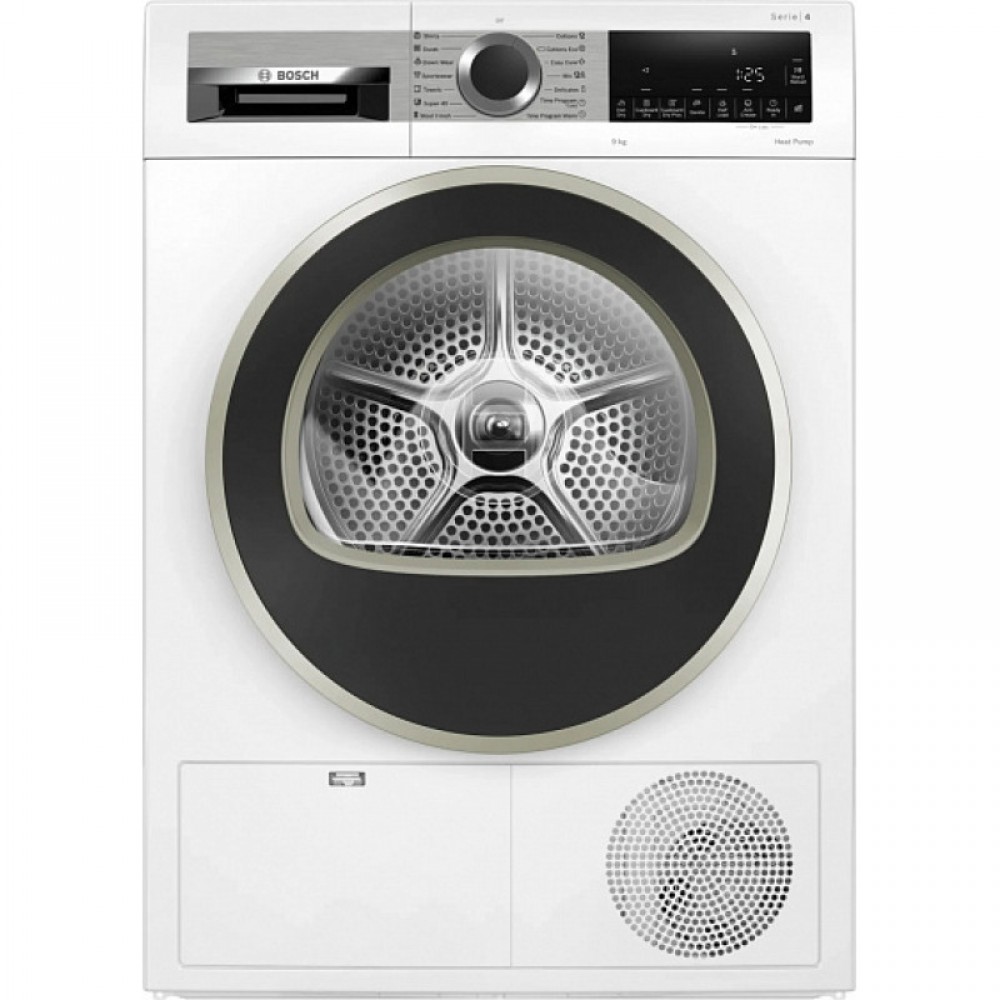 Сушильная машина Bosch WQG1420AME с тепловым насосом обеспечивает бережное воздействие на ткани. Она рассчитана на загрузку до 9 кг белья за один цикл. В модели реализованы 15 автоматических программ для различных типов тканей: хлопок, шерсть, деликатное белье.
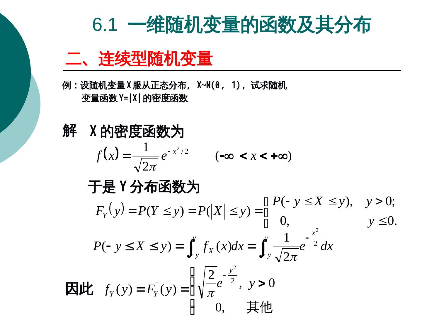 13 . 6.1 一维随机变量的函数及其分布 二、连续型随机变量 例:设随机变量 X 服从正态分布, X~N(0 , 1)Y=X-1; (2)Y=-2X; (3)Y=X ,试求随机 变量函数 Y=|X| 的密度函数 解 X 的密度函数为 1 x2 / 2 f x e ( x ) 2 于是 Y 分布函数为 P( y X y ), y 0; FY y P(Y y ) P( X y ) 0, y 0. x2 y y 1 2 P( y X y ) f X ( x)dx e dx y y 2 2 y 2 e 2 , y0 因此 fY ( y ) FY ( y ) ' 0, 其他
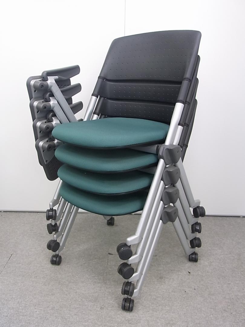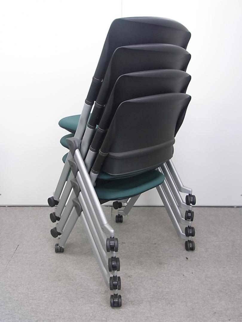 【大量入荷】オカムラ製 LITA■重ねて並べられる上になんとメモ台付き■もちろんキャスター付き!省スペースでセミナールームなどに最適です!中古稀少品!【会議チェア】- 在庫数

==

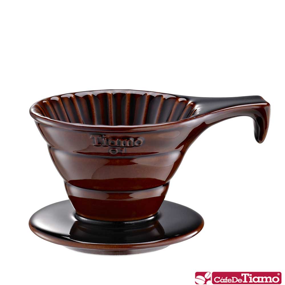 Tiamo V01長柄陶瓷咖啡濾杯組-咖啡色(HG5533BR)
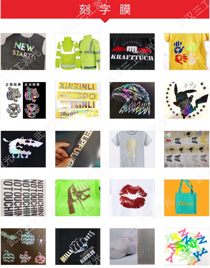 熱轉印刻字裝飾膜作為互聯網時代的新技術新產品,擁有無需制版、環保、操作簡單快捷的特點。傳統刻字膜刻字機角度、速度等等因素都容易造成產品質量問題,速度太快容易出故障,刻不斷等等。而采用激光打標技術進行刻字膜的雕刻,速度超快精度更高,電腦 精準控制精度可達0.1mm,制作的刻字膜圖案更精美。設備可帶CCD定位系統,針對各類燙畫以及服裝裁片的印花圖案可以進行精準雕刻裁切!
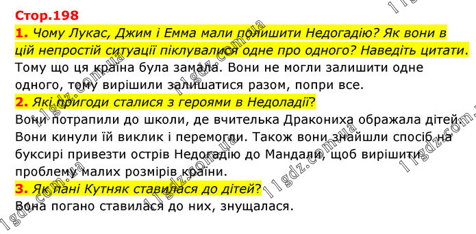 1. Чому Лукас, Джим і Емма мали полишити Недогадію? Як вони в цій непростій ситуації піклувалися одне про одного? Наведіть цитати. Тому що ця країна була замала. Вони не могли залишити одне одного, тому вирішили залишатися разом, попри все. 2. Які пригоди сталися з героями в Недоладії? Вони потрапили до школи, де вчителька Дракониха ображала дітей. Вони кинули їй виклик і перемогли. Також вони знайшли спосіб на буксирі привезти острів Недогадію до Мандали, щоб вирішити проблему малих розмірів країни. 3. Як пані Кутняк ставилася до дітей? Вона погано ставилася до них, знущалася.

**AIM OF THE TASK**
Using the data above, return the lines from the one holding "熱轉印刻字裝飾膜作為互聯網時" through the one holding "1. Чому Лукас, Джим" exactly, but not the pictures.

**PROBLEM SOLUTION**
 熱轉印刻字裝飾膜作為互聯網時代的新技術新產品,擁有無需制版、環保、操作簡單快捷的特點。傳統刻字膜刻字機角度、速度等等因素都容易造成產品質量問題,速度太快容易出故障,刻不斷等等。而采用激光打標技術進行刻字膜的雕刻,速度超快精度更高,電腦 精準控制精度可達0.1mm,制作的刻字膜圖案更精美。設備可帶CCD定位系統,針對各類燙畫以及服裝裁片的印花圖案可以進行精準雕刻裁切!
 1. Чому Лукас, Джим і Емма мали полишити Недогадію? Як вони в цій непростій ситуації піклувалися одне про одного? Наведіть цитати. Тому що ця країна була замала. Вони не могли залишити одне одного, тому вирішили залишатися разом, попри все. 2. Які пригоди сталися з героями в Недоладії? Вони потрапили до школи, де вчителька Дракониха ображала дітей. Вони кинули їй виклик і перемогли. Також вони знайшли спосіб на буксирі привезти острів Недогадію до Мандали, щоб вирішити проблему малих розмірів країни. 3. Як пані Кутняк ставилася до дітей? Вона погано ставилася до них, знущалася.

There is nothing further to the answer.